The agent reads the skill. Decides if it's relevant. Loads the tool's README only when it needs it. Runs the command. Context is loaded on-demand, for the specific operation, and nothing else.
I've built seven tools this way. They run my entire content pipeline. I'm open-sourcing the two tools I demoed here -- the Webflow upload and the thumbnail generator -- so you can see exactly how they work, fork them, and build your own.
And honestly? You don't even need to start from scratch. Tell Claude to write you a tool for any API you use regularly. It's genuinely good at this. I built most of mine that way. Add a README, create a skill, and you've replaced an MCP plugin with something better in every dimension.
Protect Your Context. Act Like it Matters!
Here's what I want to leave you with. And it's bigger than MCP.
Just because AI writes most of the code doesn't mean your brain is off the hook. It means the opposite. The work shifted. You're not typing functions anymore -- you're deciding what goes into the context, what guardrails to set, what evals to run, how to orchestrate the whole thing. That's the job now. That's engineering in 2026.
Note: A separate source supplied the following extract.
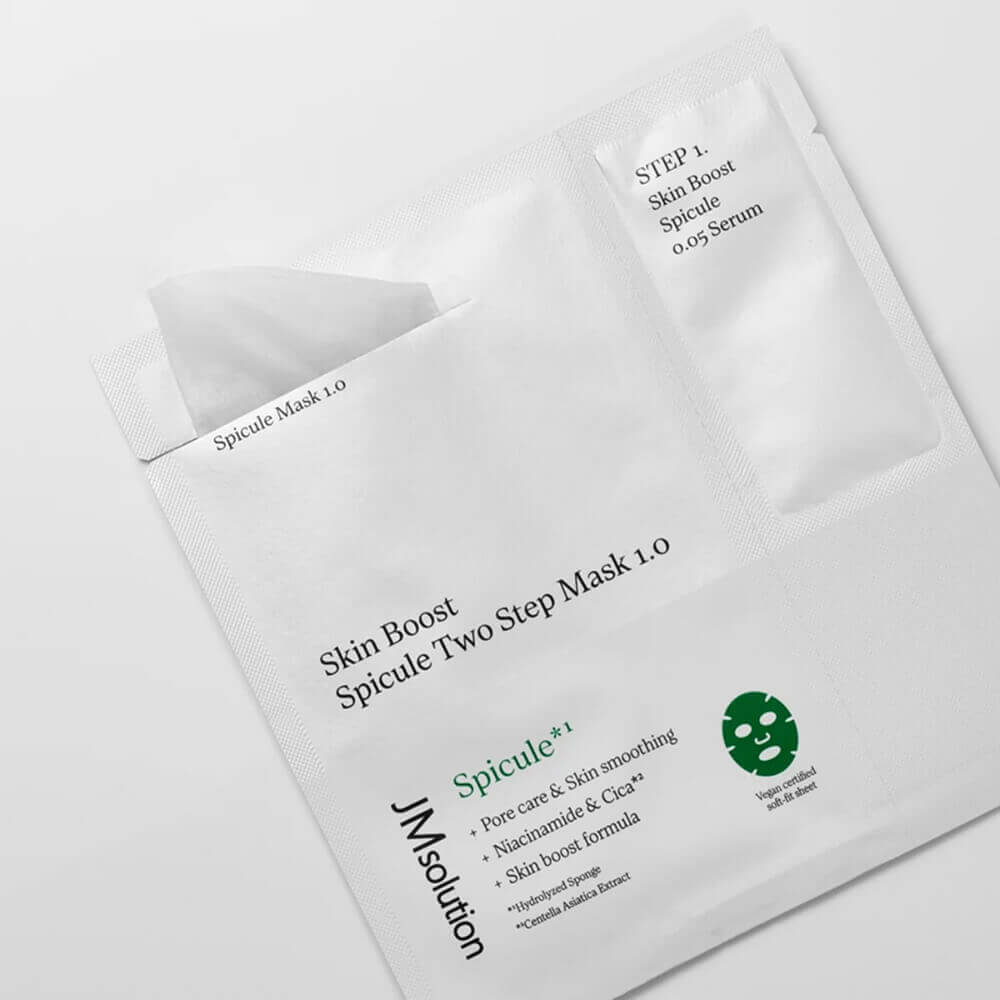 Двухэтапная тканевая маска со спикулами и гиалуроновой кислотой активно восполняет нехватку влаги в клетках, избавляет от ощущения сухости и стянутости, препятствует появлению признаков обезвоженности, также борется с расширенными порами, поддерживает эластичность и упругость, смягчает огрубевшие участки эпидермиса, придаёт здоровое свечение.

MCP treats context like it's free. It isn't. Context is the scarcest resource you have. It's the difference between an agent that nails it and one that hallucinates a Webflow endpoint that doesn't exist. Managing it well -- being precise, being deliberate, loading only what you need -- that's not a nice-to-have. That's the skill.
Context management. Guardrails. Evals. Orchestration. This is how we build software now. This is how we'll build it for the foreseeable future. The engineers who get this -- who think carefully about what goes in, what comes out, and how to verify the results -- those are the ones shipping 100x what everyone else ships. Not because they type faster. Because they think better about how to use the machine.
Use your brain. Find ways to reduce the burden on the model. Make it precise. Make it focused. Make it do the right thing by giving it exactly what it needs and nothing more. Give it mutli-shot examples, code samples, not talk to it like it's your buddy.
I'm open-sourcing the two tools I demoed here so you can see how this works in practice. I'm building all of this in public. And I'll keep sharing what I learn -- because we're all figuring this out together.
Kill MCP. Build agent tools. And start treating your context like the precious resource it is.